Pelo lado de Monique, o júri desclassificou o homicídio por omissão para homicídio culposo. Em relação à tortura, houve responsabilização por um dos três casos inicialmente apontados pela acusação; os demais ficaram sem materialidade. A tortura ocorrera em 12 de fevereiro de 2021, próximo à morte de Henry, conforme relato da babá à mãe.

A magistrada Elizabeth Machado Louro declarou extinta a punibilidade de Monique pelo crime de homicídio culposo, concedendo o perdão judicial. Também fixou uma pena de 1 ano e 4 meses de reclusão pela omissão em tortura, já cumpridos.

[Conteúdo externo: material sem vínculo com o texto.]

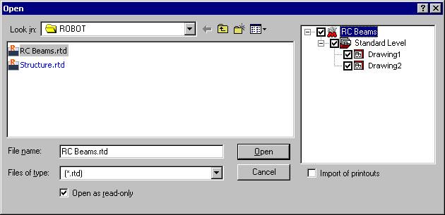 In the Open dialog (shown below), select a drawing from the tree located in the right-hand side of the dialog (in this case these are Drawing1 and Drawing2 on the standard level, belonging to the RC Beams project).
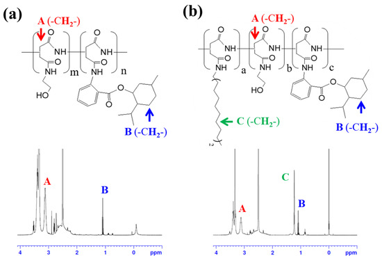 Molecular structure and 1H NMR spectra of (a) M-PHEA and (b) C18-M-PHEA, revealing the characteristic features of the synthesized polymers.
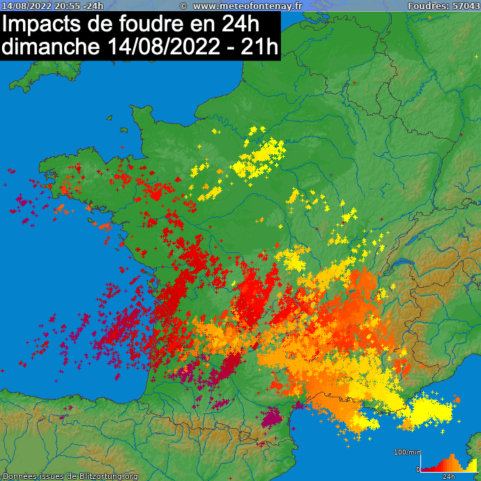 Impacts de foudre et cumuls de pluie en 24h, dimanche 14 août 2022 à 21h - cartes Blitzortung et Infoclimat

A juíza ressaltou que a reação da sociedade foi desproporcional e discriminatória de gênero.

Ela apontou ainda que a atuação de Monique ficou sob intenso escrutínio e perseguição pública ao longo de cinco anos, com ataques nas redes sociais que, segundo a juíza, foram mais virulentos do que os dirigidos ao autor direto. A referência à misoginia extrema marcou a leitura da decisão.